LONDON, March 30, 2026, 13:16 BST.
Rolls-Royce Holdings reported Monday it snapped up roughly 2.25 million shares for cancellation, part of its ongoing £2.3 billion buyback slated to run through 2026. Despite oil prices climbing and sparking new worries about airline appetite, the company is pushing ahead with cash returns. Rolls-Royce said the transactions took place March 27 across four venues, including the London Stock Exchange.
The filing is significant: buybacks are now central to Rolls-Royce’s approach to shareholder returns. Back on Feb. 26, during its full-year earnings, the engine maker mapped out a £7 billion to £9 billion buyback program for 2026–2028—including £2.5 billion lined up for this year—after posting a 40% profit jump and raising its guidance.
With Monday’s filing, Rolls-Royce’s total buybacks under the existing programme reached 26.1 million shares at an average price of 1,226.91 pence per share. The company picked up the latest portion slightly above 1,118 pence on average, topping out at 1,158 pence. That leaves 8.40 billion shares outstanding, and there are currently none held in treasury.
Back in February, chief executive Tufan Erginbilgic called Rolls-Royce’s balance sheet “strong” and talked up “significant growth for years to come” as the group unveiled its multi-year buyback. Rolls-Royce set its sights on underlying operating profit in 2026 of between £4.0 billion and £4.2 billion, with free cash flow projected at £3.6 billion-£3.8 billion. Rolls-Royce
Richard Hunter, an analyst at Interactive Investor, commented following the results that the company still had “unfulfilled ambitions to maintain the momentum.” According to Reuters, Rolls-Royce’s decision to raise its mid-term margin target puts it on par with GE Aerospace—Rolls’s chief competitor for widebody jet engines. Reuters
Civil aerospace and power systems led the turnaround. Rolls-Royce pointed to 2025 free cash flow gains, crediting more long-term service agreements and an 8% bump in large-engine flying hours. On the power systems front, stronger data-centre demand and higher government spending gave margins a boost.

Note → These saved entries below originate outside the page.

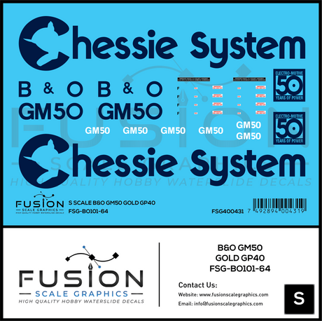 S Scale Baltimore & Ohio EMD 50 Year GM50 Gold GP40 Locomotive Decal Set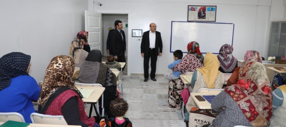 Belediye Başkan yardımcısı Mehmet Demir ve İlçe Müftüsü Selahattin Özçelik ile birlikte bayanların kurs aldığı merkezleri ziyaret eden Belediye Başkanı Mehmet Sarı, verilen hizmetleri yerinde görerek bilgi aldı.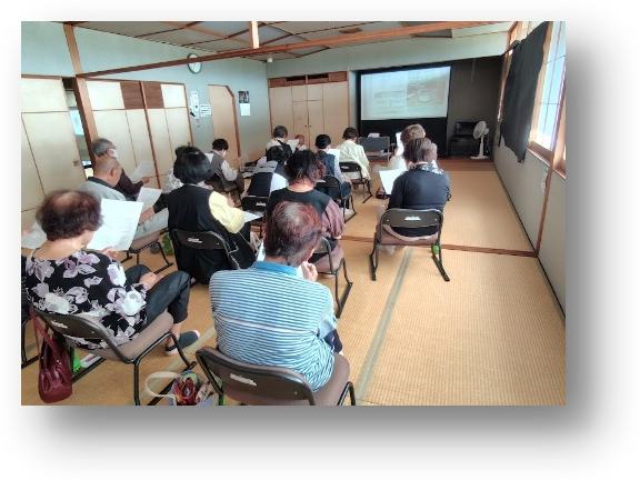 亀山社協の会長より、亀山の歴史を学びふるさを知る「亀山かるた」、亀山小学校の歴史を知る「紙芝居 私たちの亀山小学校」の紹介があり、スクリーンで鑑賞しました。地域の歴史や子どもたちの活躍に、参加者の皆さんも昔の出来事や時代に思いを巡らせておられました。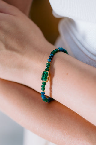 Green & Blue Jade Bracelet with Gold-Plated Accents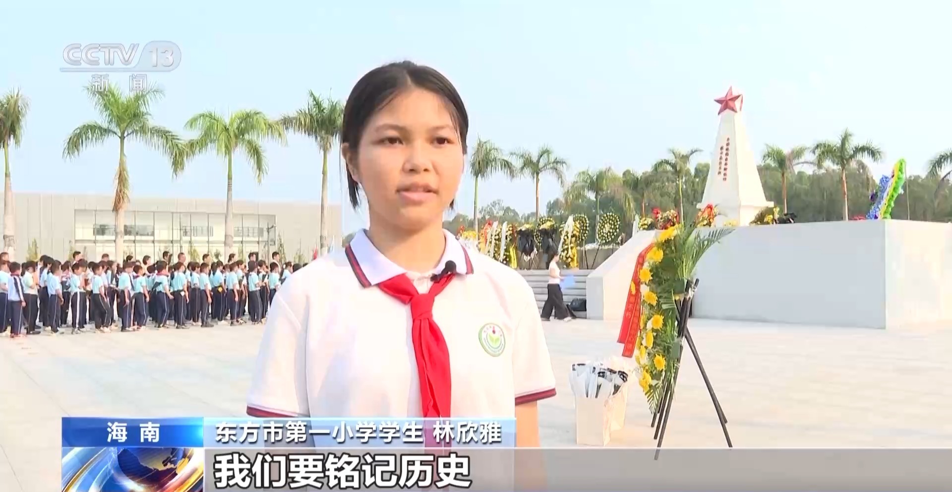 东方市第一小学学生 林欣雅:作为新时代的小学生,我们要铭记历史,传承革命先烈精神,做一个有担当、爱祖国的好少年。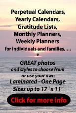 Buy your Unique 1-Page Photo Calendars, Perpetual Calendars & Weekly/Yearly Planners at www.JTCcreations.com Many great styles using your photos or ours. FREE U.S. S&H when you order today with Promo Code "RFS1"!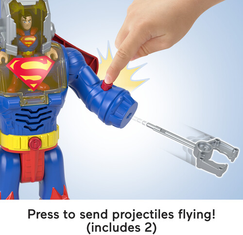 When bad guys start wreaking havoc in Metropolis™, the Man of Steel™ launches into action with his Exo Suit. Kids can place the poseable Superman™ figure inside the Exo Suit cockpit then use the Power Pads to bring the rescue action to life with awesome lights, sounds and projectile-launching action!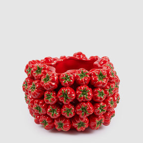 Il Vaso Chakra Pomodoro di Enzo De Gasperi è un'esplosione di colore e carattere che celebra la bellezza della natura con un design originale e affascinante. Realizzato in ceramica rossa lucida, questo vaso dal forte impatto visivo si distingue per la sua decorazione in rilievo: una corona di pomodori tridimensionali che avvolge la superficie, donandogli un aspetto vivace e unico.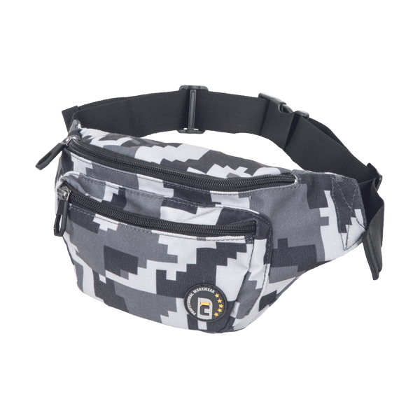 3 rooms waist bag in trendy camouflage print; 1 inside zipper closing pocket; durable extendable strap with plastic buckle closing.

March hasn’t been kind to aviation-related shares. Rolls-Royce ended Friday down 21.94% from its Feb. 26, 52-week peak, according to MarketWatch data. Reuters on Monday flagged a 0.9% drop in Europe’s oil-exposed travel stocks as Brent crude pushed past $115 a barrel.

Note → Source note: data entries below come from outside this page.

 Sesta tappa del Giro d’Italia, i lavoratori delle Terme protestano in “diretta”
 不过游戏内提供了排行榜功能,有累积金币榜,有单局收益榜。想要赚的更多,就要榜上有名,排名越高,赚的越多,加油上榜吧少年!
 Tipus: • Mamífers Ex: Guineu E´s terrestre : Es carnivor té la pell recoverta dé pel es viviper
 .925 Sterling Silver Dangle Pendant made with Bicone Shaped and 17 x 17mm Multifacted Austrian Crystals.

Airlines are hiking ticket prices and cutting back on flights as jet fuel costs climb, Reuters reported. “The only way to get prices up is to reduce capacity,” said Barclays analyst Andrew Lobbenberg. That strategy could impact Rolls-Royce, since fewer flights may eat into the flying hours that underpin its service agreements. Reuters
Rolls-Royce is sticking with its forecast: by 2026, large-engine flying hours should reach 115% to 120% of what they were in 2019. Defence contracts and data-centre power sales could help offset any dip in airline demand. Monday’s regulatory filing was nothing unusual, but it did confirm that management is pressing ahead with the buyback as the market continues to gauge the strength of the aviation rebound.